小説の属性:一般小説 / 未選択 / 感想希望 / 初級者 / 年齢制限なし / 休載中

前書き・紹介


九 族長

前の話 目次

「よかった。アリエまで目覚めなかったら、どうしようかと思った」

親にすがる子供のように、ヤーフェイとヤニムは奇妙な人物にぴったりとくっついている。

二人に挟まれて、少年はきれいに微笑む。

 壁画に描かれる女神のような微笑。

 その髪は、短く切られてさらさらと流れている。しかし、少年が困ったように首をかしげると、背中に垂れる四本の三つ編みが、生き物のようにうごめくのが見えた。

「……あなた、四年前に見たわ」

「そうだろうねえ」

 少年は、アリエが喋ったことに驚いたらしい。

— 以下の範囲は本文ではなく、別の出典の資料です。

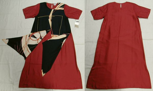 茶系無地のワンピースに柄素材を重ねたワンピースです。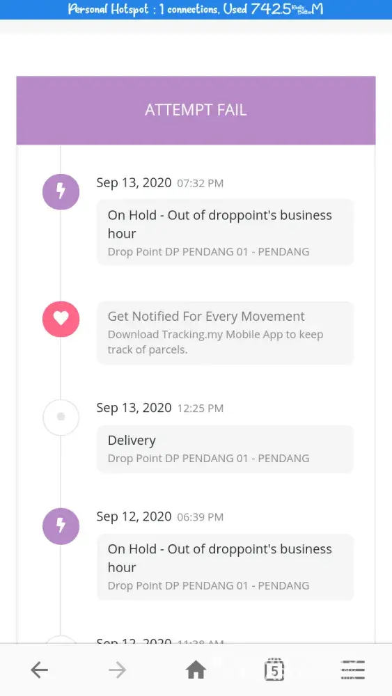 My parcel still on hold for twice bcoz out of business hour. When i call staff, they said they already nearby my area. And suppose to be got enough time to deliver. My parcel only from Penang. And my house in Kedah. Its takes forever to get your parcel. Maybe if my shippment from oveseas. Never get it i guess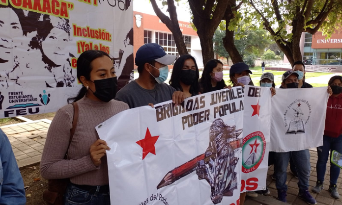 Oaxaca de Juárez. Integrantes de Brigadas Juveniles del Poder Popular se manifestaron este lunes para exigir la ampliación de la matrícula en la Universidad Autónoma Benito Juárez de Oaxaca (UABJO).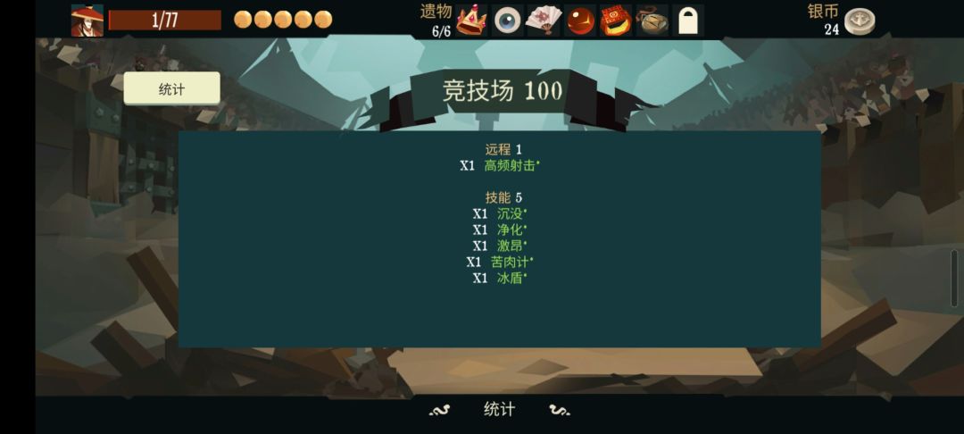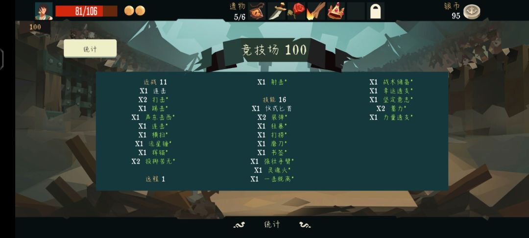 1小时27分,剑客高效通关,基本思路方法如下: 1.几个前提:商店的升级药水类全入,遗物栏扩容1格(6格); 2.竞技场第一关结束找商人刷黄金雕像:刀,前期配合每场结算后的近战卡牌,保障前期的基本战力,也能省费用,如果第一场没刷出来,建议退出重新刷第一关,刷到为止,保证后续高效比; 3.攒钱刷中前期核心遗物“暴击套装”:仪式吊坠+盗贼匕首+玫瑰,前两者保障基本零费暴击输出,玫瑰配合回血,保证基础续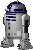 An animated pixel art sticker of R2D2, the iconic robot from the Star Wars saga, with subtle head movements.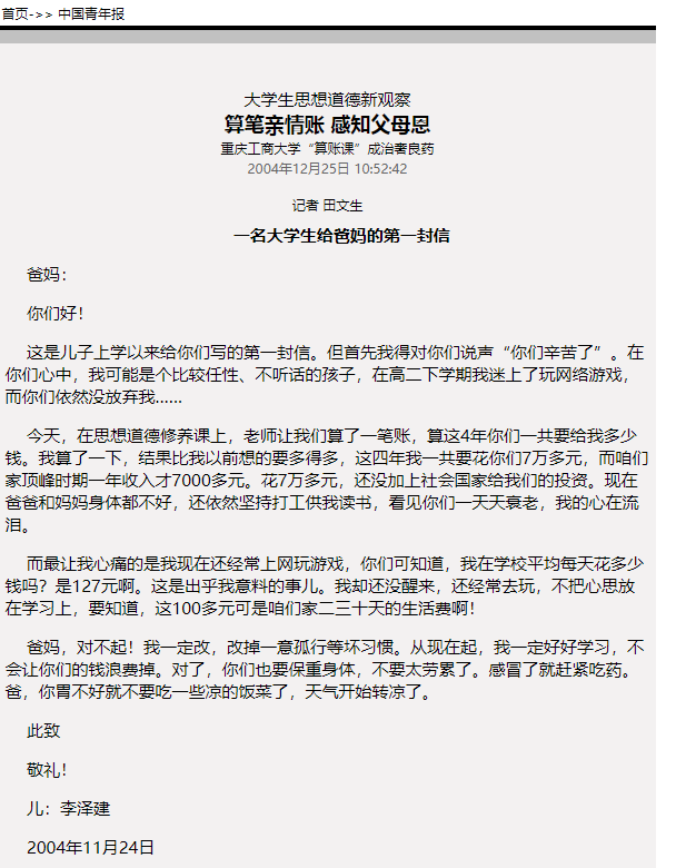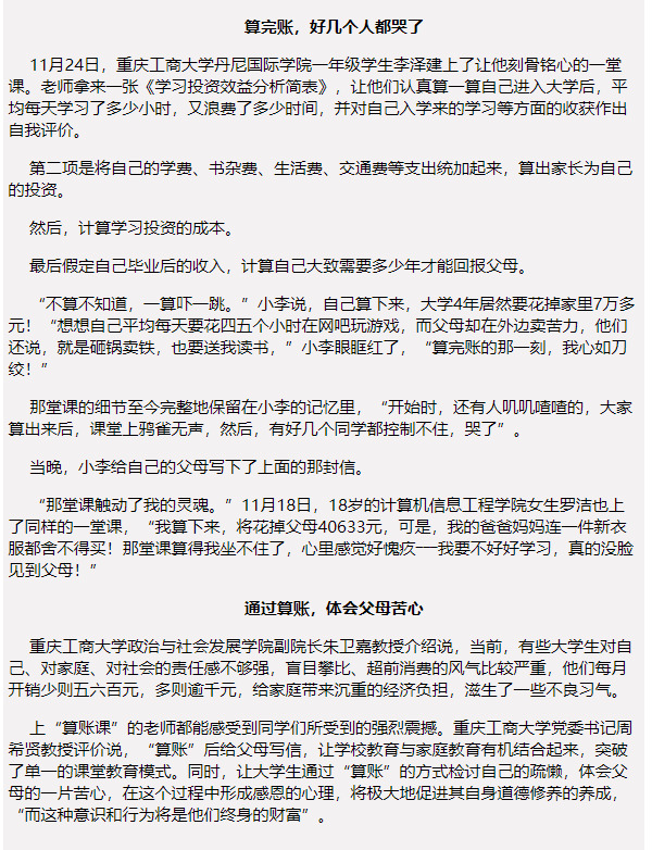 《中国青年报》“算笔亲情帐、感知父母恩”beat365亚洲版官网算账课成治愈良药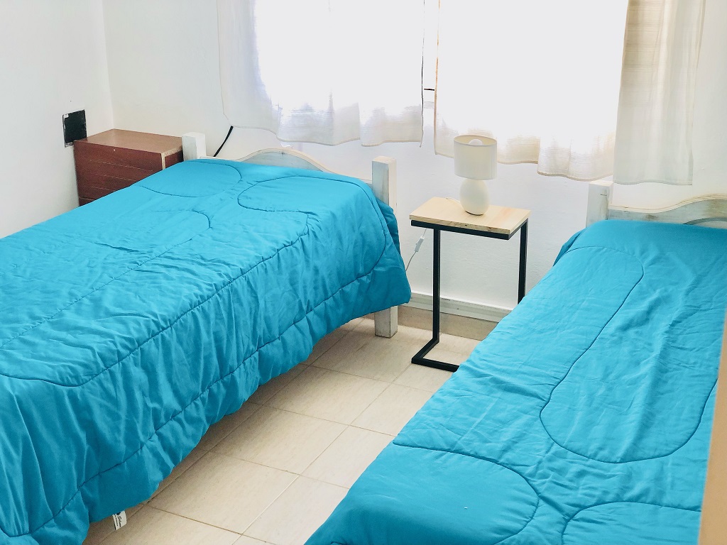La propiedad también dispone de espacio techado para auto, parrilla y un jardín. Las dos habitaciones incluyen una con cama matrimonial somier y otra con dos camas individuales. Como servicios adicionales, ofrece WIFI, TV LED , alarma, cámaras de seguridad y portón eléctrico.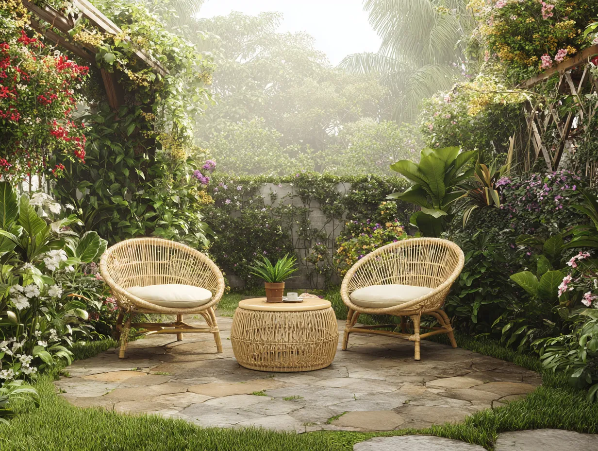 Cette sélection présente des salons de jardin élégants et naturels, composés de fauteuils confortables et de tables assorties. Les matériaux comme le rotin naturel, la résine tressée, le bois et le métal créent une ambiance chaleureuse. Idéals pour terrasse, balcon ou jardin, ils allient design, détente et convivialité pour profiter des beaux jours.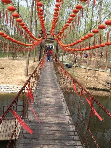 在牛家村,我们攀上塔楼,击鼓敲锣。经过吊桥,胆大的同学尽情地体验着与摇晃的桥面抗衡。平日生活与学习上的压力,此刻一扫而空。深邃的树林与别致的小景观,不仅洗肺,还能开心。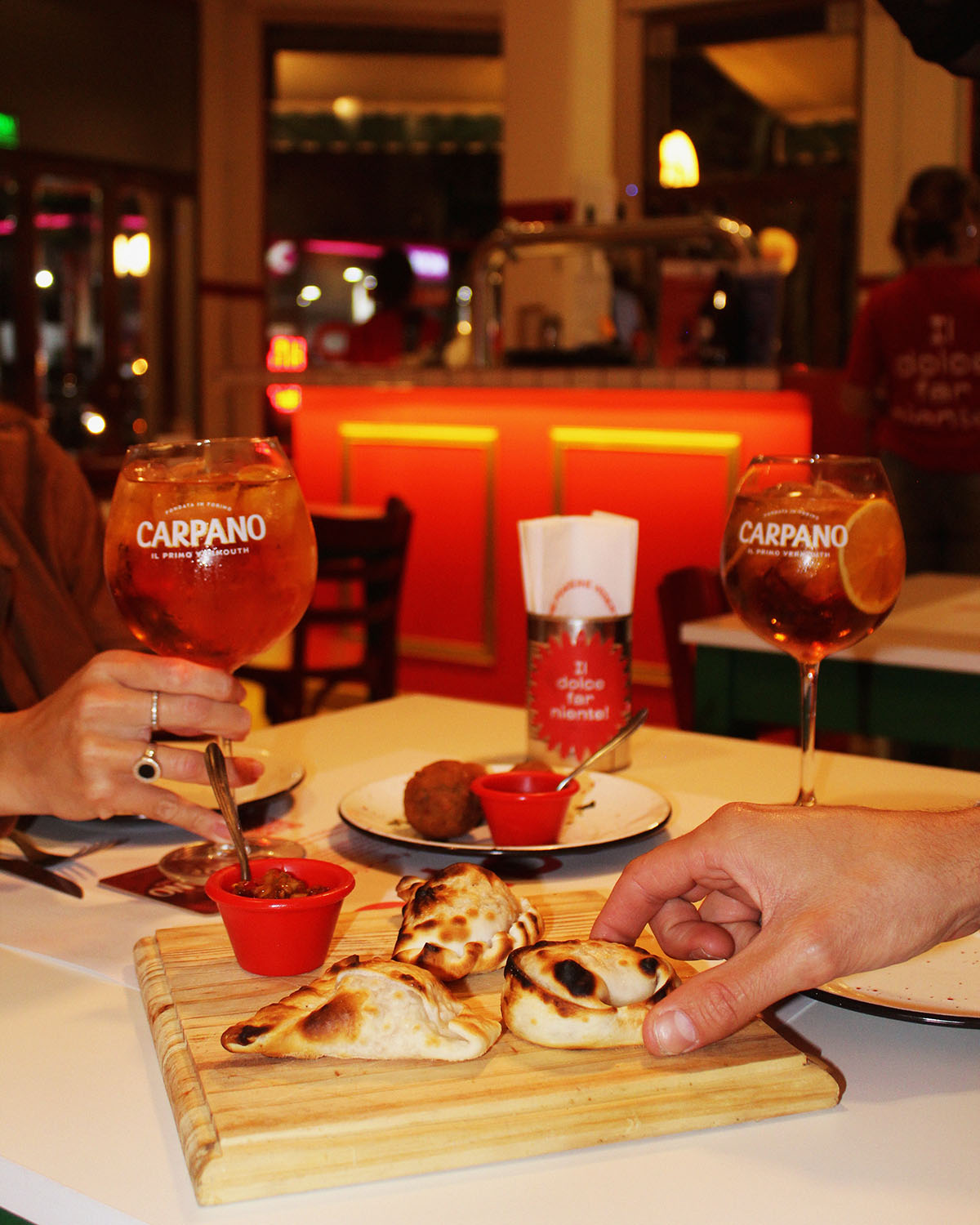 Y si sos de quienes prefieren sabores más criollos, hay variedad de empanadas y ensaladas; «ofrecemos diferentes platos que integran la cultura italiana con la argentina y también en las bebidas que encuentran vino, birra artigianale, cocteles y bebidas sin alcohol».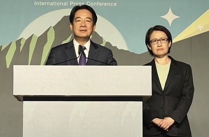 ▲賴清德、蕭美琴召開勝選記者會(huì)。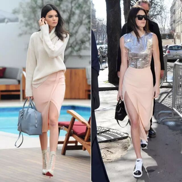 开叉裙也可以搭配气质硬朗一点的单品,同样是裸粉色的开叉裙,穿高跟鞋和运动鞋完全是两种不同的feel。▼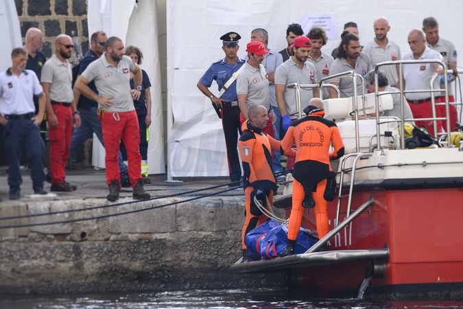 Firefighters and the Italian Coast Guard recover the fifth body from the sailing ship that sank in Porticello. It is the tycoon Mike Lynch, only his daughter Hannah is still missing. Sicily, Italy, August 22, 2024. 15 passengers were rescued after a 56-meter luxury sailing yacht, the Bayesian, with 22 people on board, sank on August 19 due to a tornado that hit the area., Credit:Valeria Ferraro / Avalon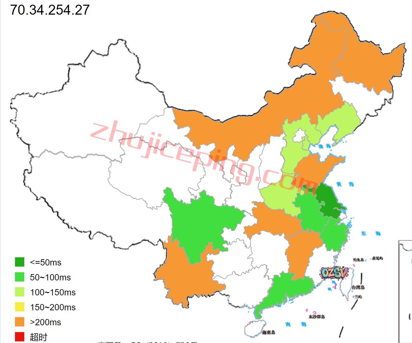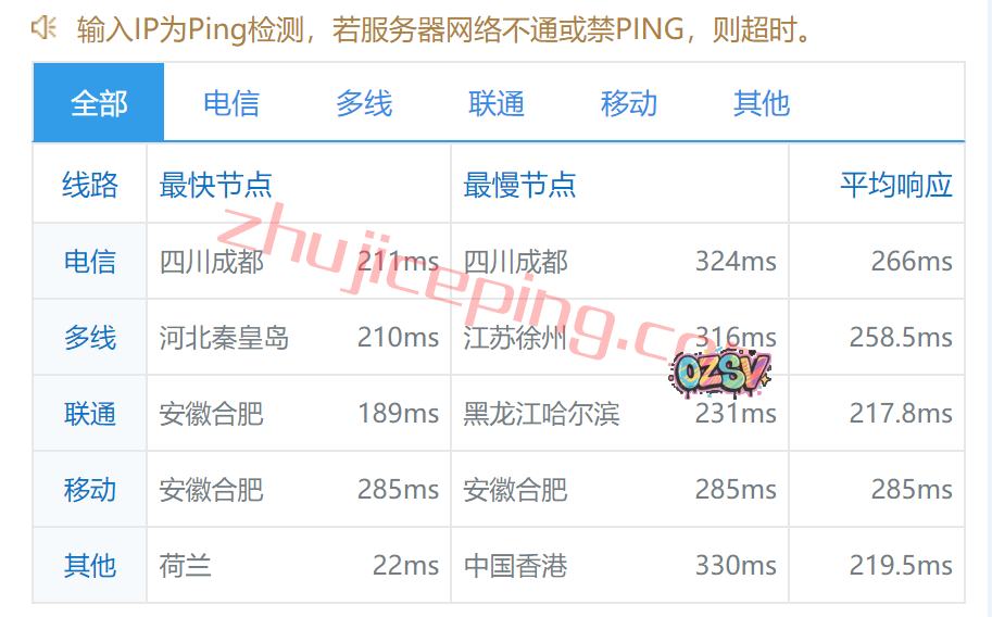 国内多个节点的延迟监测数据: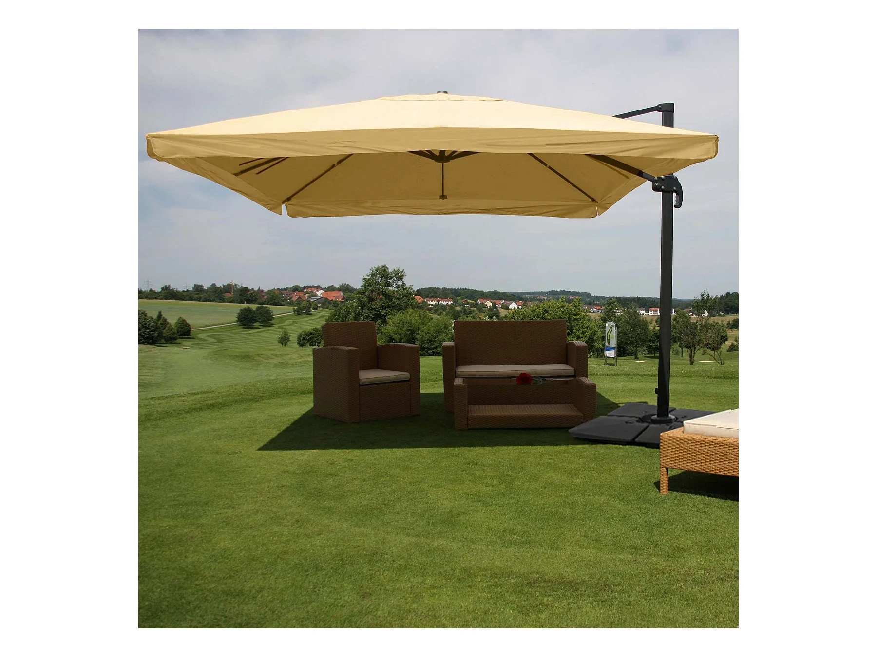Obrotowy parasol wspornikowy MCW-A96 II, kremowy ze stojakiem, obrotowy

適当に返事をして、アリエにもわかりやすく目線を変えた。

 その先に、ジェイシラードがいる。

「やあ、シータ」

「その名で呼んでいいのは身内だけだ、ヤンセン」

「昔は身内だったんだからいいだろう? シータ」

 アリエは、ジェイシラードが手を握り締めるのをちらりと見た。

「知り合い?」

「ああ」

 短く言って、ジェイシラードはヤンセンから目を離さない。少年はにらむような彼の目線に肩をすくめた。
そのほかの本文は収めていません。